In a dream, only what I perceive exists, and then, of course, there’s you. How are we all dreaming coherently together? But let’s stick with perception for a moment; many unperceived, even imperceivable, things have rearranged our lives for centuries. Shall we just roll over and wonder how this dream will end? That’s all we’re left with, if everything is a dream.

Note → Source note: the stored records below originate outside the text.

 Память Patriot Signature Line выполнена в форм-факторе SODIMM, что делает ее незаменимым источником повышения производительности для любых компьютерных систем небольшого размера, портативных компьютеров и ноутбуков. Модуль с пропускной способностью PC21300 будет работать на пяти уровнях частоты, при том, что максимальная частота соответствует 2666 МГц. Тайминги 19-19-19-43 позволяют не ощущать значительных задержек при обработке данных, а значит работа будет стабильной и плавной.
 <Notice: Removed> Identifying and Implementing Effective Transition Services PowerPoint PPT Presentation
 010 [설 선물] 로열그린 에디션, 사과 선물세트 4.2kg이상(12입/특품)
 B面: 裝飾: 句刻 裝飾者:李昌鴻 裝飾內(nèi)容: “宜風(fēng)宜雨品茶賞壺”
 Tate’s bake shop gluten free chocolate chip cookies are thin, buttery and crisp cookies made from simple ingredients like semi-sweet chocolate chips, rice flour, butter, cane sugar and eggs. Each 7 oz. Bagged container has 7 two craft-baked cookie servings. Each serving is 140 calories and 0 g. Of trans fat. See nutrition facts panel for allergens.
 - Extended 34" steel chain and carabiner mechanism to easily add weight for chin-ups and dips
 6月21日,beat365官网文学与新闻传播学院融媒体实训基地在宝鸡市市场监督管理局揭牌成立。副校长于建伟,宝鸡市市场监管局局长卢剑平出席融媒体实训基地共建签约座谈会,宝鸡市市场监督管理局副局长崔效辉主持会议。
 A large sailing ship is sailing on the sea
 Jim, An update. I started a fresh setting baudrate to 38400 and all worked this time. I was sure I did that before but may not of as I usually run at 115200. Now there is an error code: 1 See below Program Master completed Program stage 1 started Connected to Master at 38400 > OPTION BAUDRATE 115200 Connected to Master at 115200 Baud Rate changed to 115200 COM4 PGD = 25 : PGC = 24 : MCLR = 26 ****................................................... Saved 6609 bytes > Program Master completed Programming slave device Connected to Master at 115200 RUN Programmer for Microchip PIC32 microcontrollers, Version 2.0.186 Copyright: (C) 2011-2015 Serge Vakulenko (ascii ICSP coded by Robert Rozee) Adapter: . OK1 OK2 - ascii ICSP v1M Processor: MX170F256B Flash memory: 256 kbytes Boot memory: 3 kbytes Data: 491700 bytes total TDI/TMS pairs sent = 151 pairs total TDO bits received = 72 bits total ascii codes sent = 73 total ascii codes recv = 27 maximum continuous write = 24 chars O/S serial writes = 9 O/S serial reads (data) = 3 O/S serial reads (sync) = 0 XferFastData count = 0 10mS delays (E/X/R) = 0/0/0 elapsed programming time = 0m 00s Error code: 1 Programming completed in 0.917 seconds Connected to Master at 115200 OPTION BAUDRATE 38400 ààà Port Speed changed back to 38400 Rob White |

We can’t study medicine, engineering, farming, or anything that produces something outside of our preferences if nothing is real.

The eye of my stove burned my fingers because the electric coil producing the heat is a reality outside of my perception. Had I turned the wrong switch I would have had heat in another eye and possibly wondered why my pan wasn’t warming up. That’s my perception at play in a real world.

Try to stay healthy, friends. And for the kids at home, remember the Lord who made you; that’s the start of good perception.

Dispatch from the translation front

I’ve become a little cautious about discussing translation work. So suffice it to say that I snagged a nice one, and there’s a deadline coming on, and I can’t really spend much time on a blog post.

But rejoice with me that I’ve found work, when better men are filing for unemployment. Whatever my project is, it’s interesting. Have a good weekend. Don’t do anything I wouldn’t do (that ought to keep you pretty safe).

‘Santa Fe Mojo,’ by Ted Clifton

Vincent Malone, hero of Ted Clifton’s Santa Fe Mojo, was once a hotshot lawyer in Dallas, until alcohol trashed both his career and his marriage. He drifted to Denver, where he found his niche as a legal investigator. Then he developed gout, and missed too much work. Figuring a warmer climate would help, he headed for Albuquerque, and cheap housing. But in a diner in Santa Fe he saw an ad for a job driving a customer van for a bed and breakfast. On a whim, he applied for the job.

Vincent is a misanthrope, a man who’s seen the worst in people and has distanced himself from them. But the couple who hire him are annoyingly nice. He doesn’t know what to do with them, but he kind of likes working there as he gets used to it.

They’re excited to greet their first guests at the B&B, but something is wrong. The rooms were booked by a major sports agent who lives locally, for a group of his top clients and their spouses. But when they hold a meeting, it ends in shouting and threats.

The next morning the police come. The agent has been murdered. Vincent can tell that the sheriff’s department would like to hang something on him, but they quickly settle one of the clients – a major league baseball player. Security video shows the two men fighting in the agent’s front yard, a few hours before the murder.

Vincent, though, based on his investigative experience, thinks the cops haven’t looked far enough. They found an easy suspect and stopped detecting. The accused’s lawyer shows up, and he’s the accused’s uncle and Vincent’s spiritual twin – a hard man who got rich defending whoever paid him, using any kind of trick he could get away with. But he’s older now, and thinking it might be nice to form some kind of bond with his only surviving relative. At least he forms a bond with Vincent, who shares his bemusement at discovering morality late in life.

Santa Fe Mojo straddles the line between cozy mystery and hard-boiled, and does it pretty well, I think. The gradual softening of Vincent’s hard shell in the warmth of human friendship provides an enjoyable sub-plot. I enjoyed Santa Fe Mojo quite a lot. Cautions for language, mostly.